The Super Bowl and domestic violence probably became entwined in Americans' minds in 1993, when battered women's advocates helped convince the NBC television network to broadcast a public service announcement on domestic violence during its Super Bowl coverage. It was a serious commitment by NBC, which could have sold the much-coveted pre-game 30-second spot for approximately half a million dollars. But instead of another advertisement for beer or automobiles, one of the biggest television audiences of the year saw a well-dressed man sitting in a jail cell saying, "I didn't think you'd go to jail for hitting your wife." An announcer noted, "Domestic violence is a crime."

While many commentators applauded NBC's decision to air the [public service announcement], others claimed the network had been coerced by inflated claims about Super Bowl Sunday being "a day of dread" for battered women.

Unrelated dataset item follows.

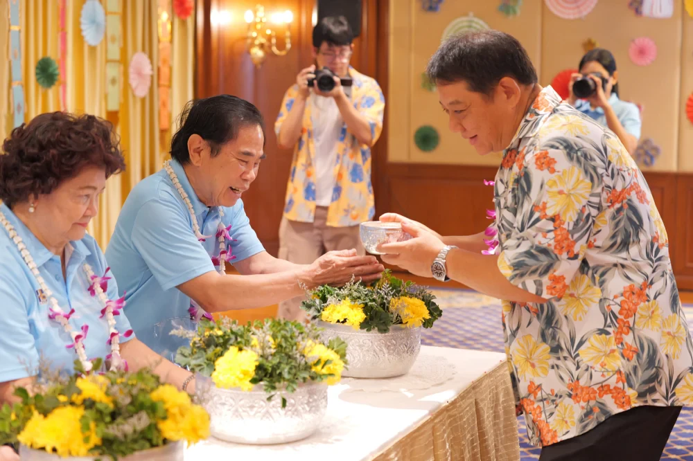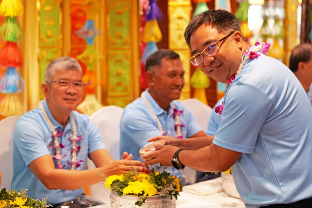 บรรยากาศภายในงานเต็มไปด้วยรอยยิ้มและความอบอุ่น โดยชมรมพนักงานกลุ่มบริษัทล็อกซเล่ย์ได้จัดพิธีรดน้ำดำหัวตามแบบแผนประเพณีไทย ซึ่งได้รับเกียรติจากคณะผู้บริหารระดับสูง นำโดย คุณธงชัย ล่ำซำ ประธานกรรมการ พร้อมด้วย คุณสืบตระกูล สุนทรธรรม, คุณสุรช ล่ำซำ, คุณเฉลิมโชค ล่ำซำ, คุณวสันต์ จาติกวณิช และคณะที่ปรึกษาบริษัท ร่วมให้พรแก่พนักงานอย่างใกล้ชิด สะท้อนถึงวัฒนธรรมองค์กรที่ให้ความสำคัญกับการให้เกียรติและการอยู่ร่วมกันแบบครอบครัว

Although there appeared to be an increase in domestic violence dispatches on Super Bowl Sunday during the 1993-94 football season, UCLA researcher Lawrence Chu cautioned that results cannot be generalized to other areas and "we could not say that football causes domestic violence."

Well, that's a relief. That said, while I'm glad there's less of a link between football and violence than has been bandied about in the past decade, I don't think it's a bad thing at all for Super Bowl Sunday to have become a day on which the too-often overlooked, ignored, and denied issue of domestic violence is brought to our attention. The sad fact is that not just on Super Bowl Sunday, but on every Sunday of the year-indeed, every day of the year-spouses continue to be battered by the very people who are supposed to love, cherish, and honor them. And this is true of black people and white people, rich people and poor people, "church" people and "secular" people. We live in a violent culture, and if we truly are "slaves of Christ" who have repented and believed in the good news, if we truly are willing to follow Christ and fish for people, then we need to become the sort of cultural attachés who name evil wherever it lurks and claim good wherever it is to be found.

So, maybe there's a woman you know who won't be beaten up by her husband today, but maybe you know or suspect that she has been abused in the past, and remains at risk for being abused in the future. How can you be a diplomat for the culture of God, how can you establish an embassy of peace in a nation of violence? Even if the specific issue of domestic violence isn't one that you'll ever encounter, there are as many ways of being a slave of Christ, a civil servant in God's embassy, a fisher of people -- whatever the image -- there are as many ways of responding to God's call to you as there are stars in the sky over Monkton on a clear winter's night.

You know, sometimes I think the Collect of the Day is misplaced in the liturgy. Sometimes I'm so busy with "getting down to business" that I find myself saying "Amen" to the collect without even listening to it. That's too bad, because so often the prayer speaks directly to the main theme of the Scripture readings. Such is the case today. So in closing, let me give us all a second chance to listen to God's call to us in that collect. The Lord be with you. [And also with you.] Let us pray:

Give us grace, O Lord, to answer readily the call of our Savior Jesus Christ and proclaim to all people the Good News of his salvation, that we and the whole world may perceive the glory of his marvelous works; who lives and reigns with you and the Holy Spirit, on God, for ever and ever. Amen.